Прошу учесть, что я старик, инвалид с переломом позвоночника и по др. болезням. Со слезами на глазах обращаюсь к Вам перед судом с просьбой пощадить меня и не допустить, чтобы, искусственно включив меня в группу Б—Б, сделали врагом. До последнего вздоха я буду благодарен партии и советской власти за себя и своих детей. Повторно прошу извинить за беспокойство.

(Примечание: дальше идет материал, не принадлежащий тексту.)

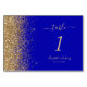 Det moderna bordsnumret bröllop i elegantens lämnat kant har en guld faux-utformning från glitter. Anpassadet kombinerar handskrift, rityta och kursivt typsnitt med blek guld färgad mot royalets blå bakgrund.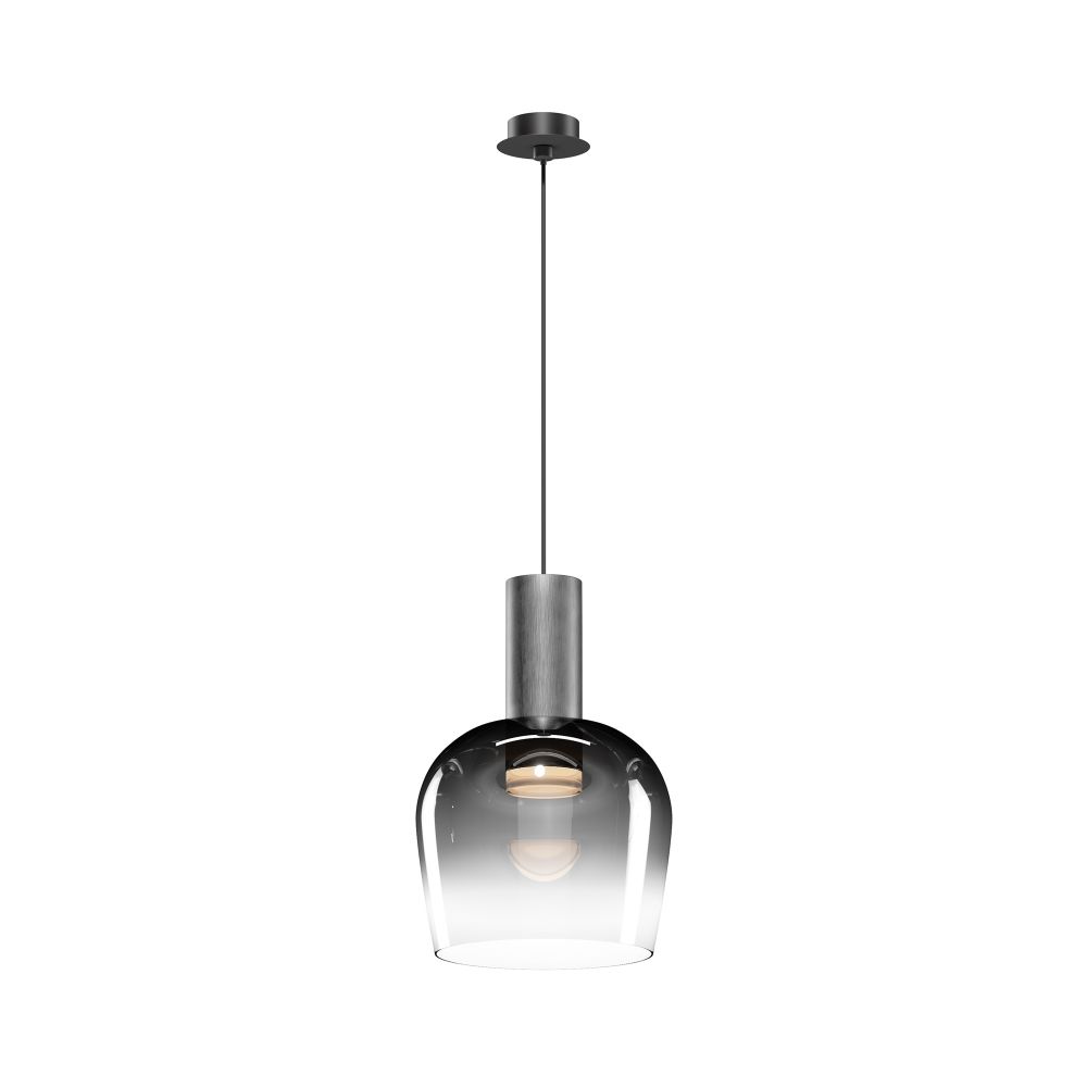 Цветовая гамма: дымчато-серый или насыщенно-янтарный цвет стекла в сочетании с черной или золотой арматурой. В серии есть модели светильников со сменным источником света с цоколем Е27 (каскадная композиция, потолочный и настольные светильники) и LED-источником (одинарные подвесные светильники). Температура свечения LED – 3000 К, угол рассеивания — 120 градусов. Плафоны каскадной композиции плафоны разных размеров и оттенков, установленные на одно основание. Оригинальный декор — актуальный вариант современной классики.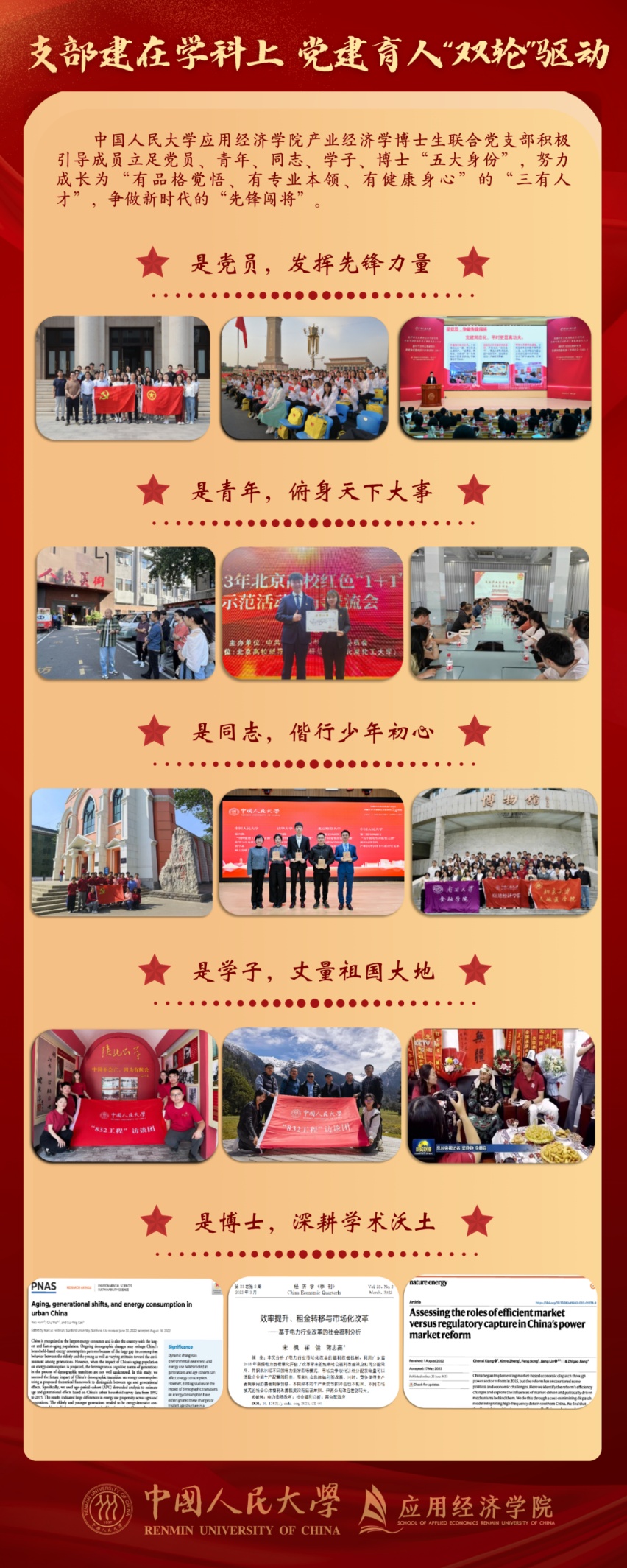 研究生党建“双创”工作是新时代高校党建示范创建和质量创优的重要抓手,是提升研究生思想政治工作质量的关键引擎。应用经济学院产业经济学博士生联合党支部充分发挥样板引领、辐射带动作用,把成熟的党建经验转化为可复制、可推广的制度成果,为全国高校研究生党建工作提供更多“人大方案”。让我们以先进为榜样,在青春的赛道上奋力奔跑,争做堪当民族复兴重任的时代新人,共同书写人大学子奋进新征程、建功新时代的壮丽青春华章!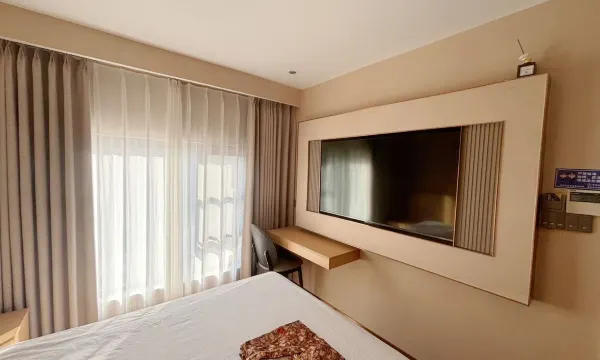 酒店环境整洁,房间宽敞明亮,床睡得很舒服。房间干净卫生,设施齐全,住着舒服。位置好、性价比在本地算很高了,服务态度好,细节做得很到位,出行停车都方便。推荐给来**故里游玩的朋友,值得入住!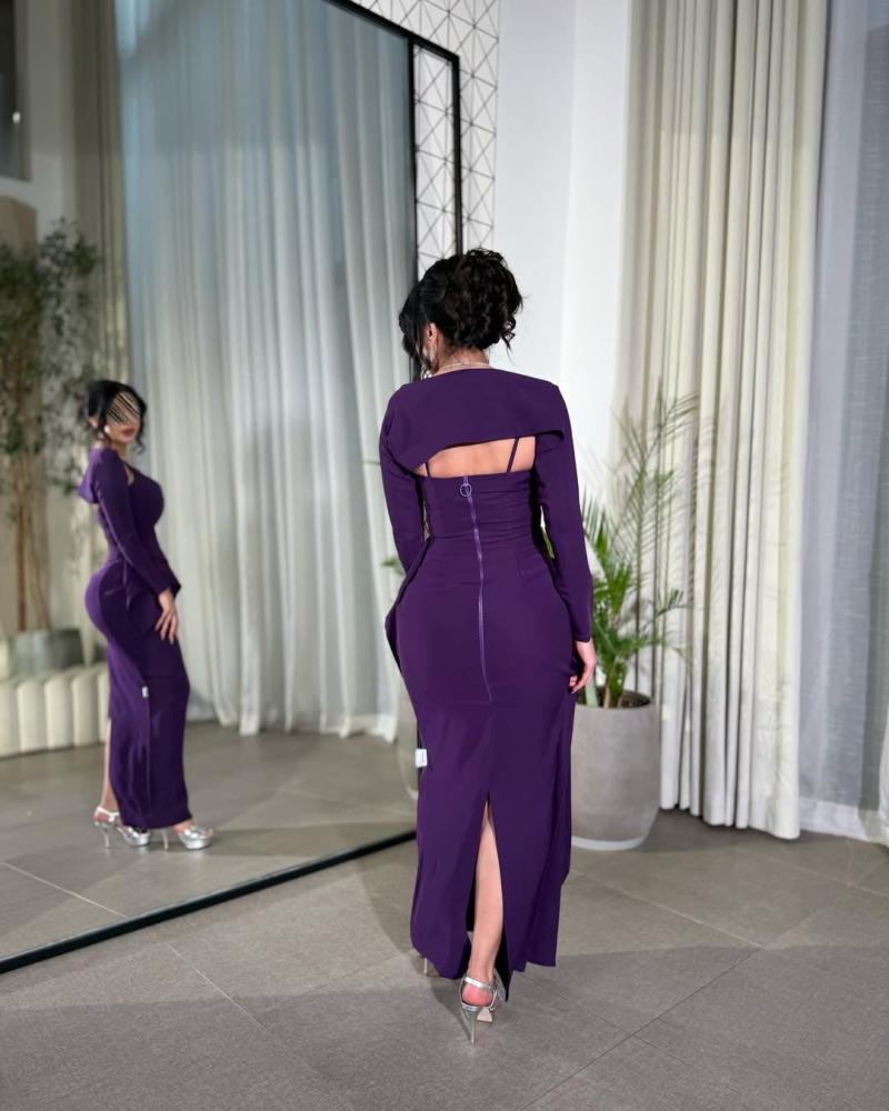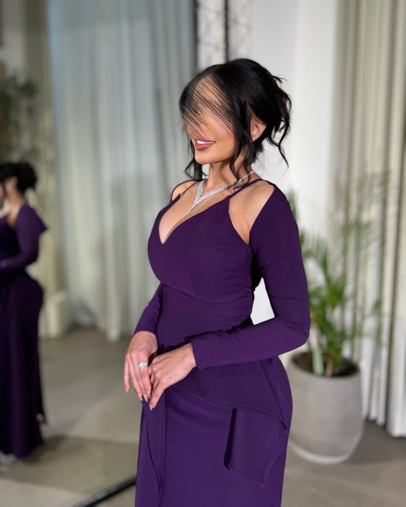 تألقي بإطلالة تخطف الأنظار مع فستان “جاذبية البنفسج” المصمم بلون بنفسجي ملكي يفيض بالأناقة والرقي. يتميز بقصة ضيقة تُبرز جمال القوام، وتصميم الكتف المكشوف لإطلالة عصرية ومفعمة بالأنوثة. يضفي التناسق بين الطبقات الأمامية والخصر المحدد لمسة من الفخامة العصرية، بينما يكتمل المظهر مع فتحة الساق الجانبية التي تمنحك حرية الحركة وسحر الإطلالة. الخيار الأمثل لسهراتك الراقية ومناسباتك الخاصة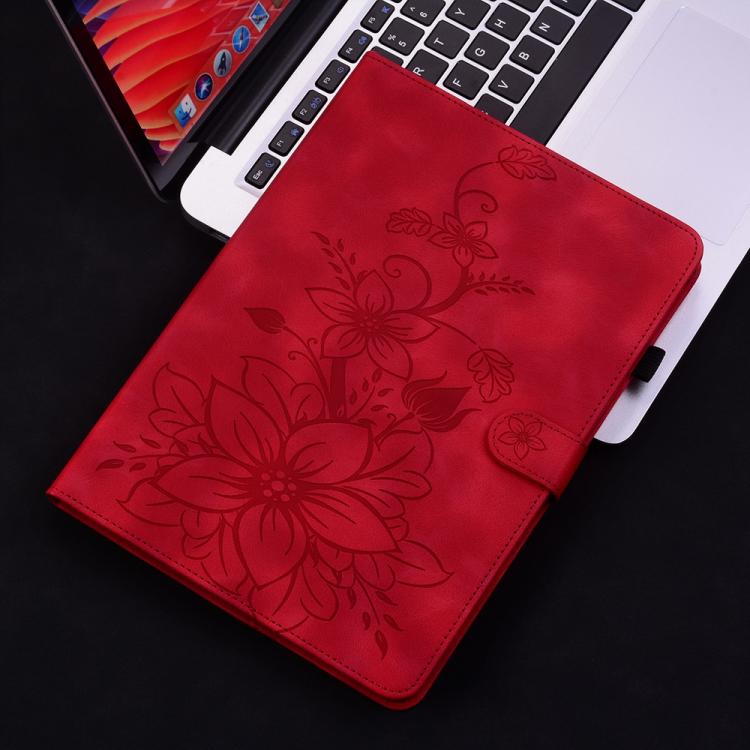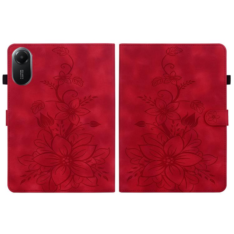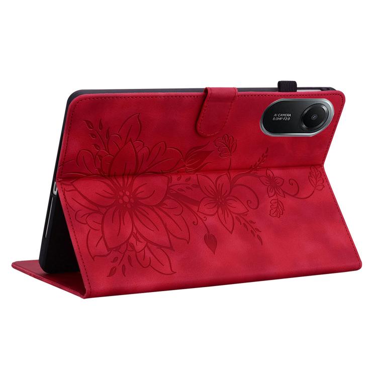 Funda de piel con relieve Lily para Redmi Pad 2 / Redmi Pad SE 11 2025 (roja)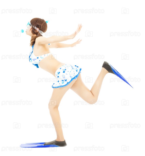 Женщина изображает ныряльщика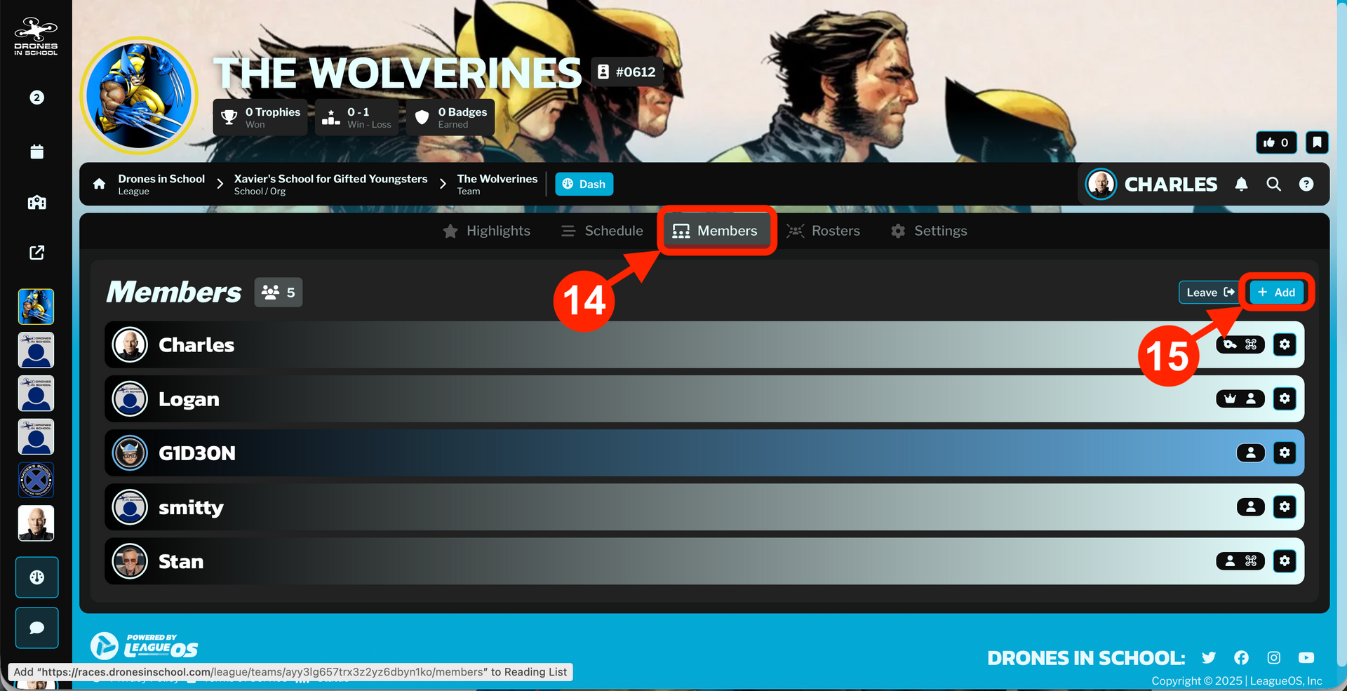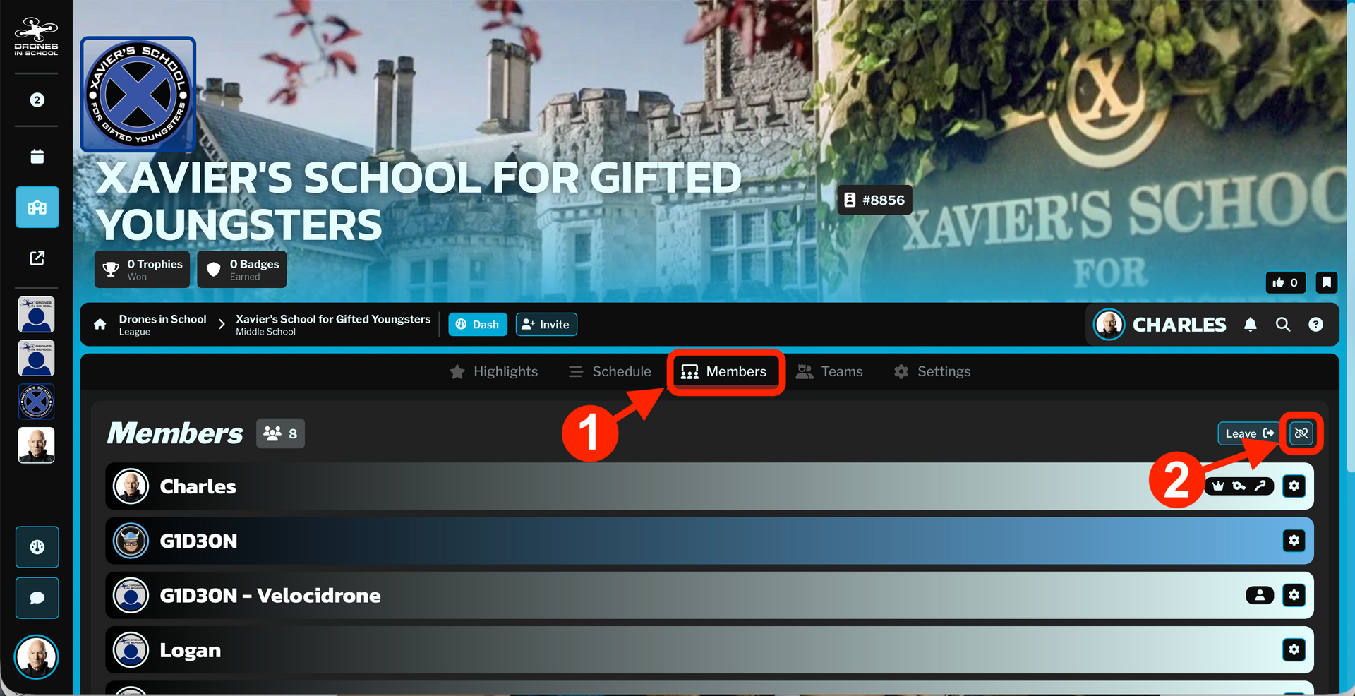 Go back to your School Page, select "Members".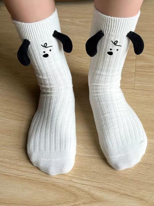 Dreidimensionale Socken mit aufgestickten Welpenohren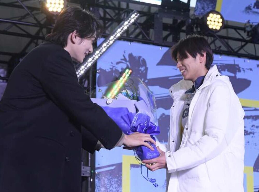 優勝した1号艇・末永和也は俳優の町田啓太から花束を贈られる=尼崎市・ボートレース尼崎 安定板装着に加え、節間通しての向かい風基調から追い風に変わる難しい条件下で、大会連覇を狙い展示から3カドに引いていた茅原に気づかぬほど全集中。6強全員SG覇者、ライバル5人で計31冠と百戦錬磨の先輩相手に、コンマ14のトップSを決めて先マイ一気と、勝負強さを示した。

30 марта 1956 г. Бутырская тюрьма

МАРКАРЯН

 

1 На  первом листе  имеется  машинописная помета:  «Разослать членам  и  кандидатам  
в члены  Президиума  ЦК  КПСС,  секретарям  ЦК  КПСС  и т.  Руденко  P.A.  К.  Вороши­лов  9/IV-56  г.».  На  последней  странице  помета  о  рассылке:  «Разослано  т.  Булганину Н.А,  т.   Кагановичу  Л.М,  т.  Кириченко  А.И.,  т.   Маленкову  Г.М.,  т.   Микояну  А.И., т.  Молотову  В.М., т.  Первухину  М.Г.,  т.  Сабурову М.З., т.  Суслову М.А., т.  Хрущеву  Н.С., т.  Брежневу Л.И., т.  Жукову Г.К.,  т.  Мухитдинову H.A.,  т.  Фурцевой  Е.А.,  т.  Шверни­ку  Н.М .,  т.   Шепилову  Д.Т.,  т.  Аристову  А.Б.,  т.   Беляеву  Н .И .,  т.   Поспелову  Л . Н . ,  т.  Руденко  P.A.».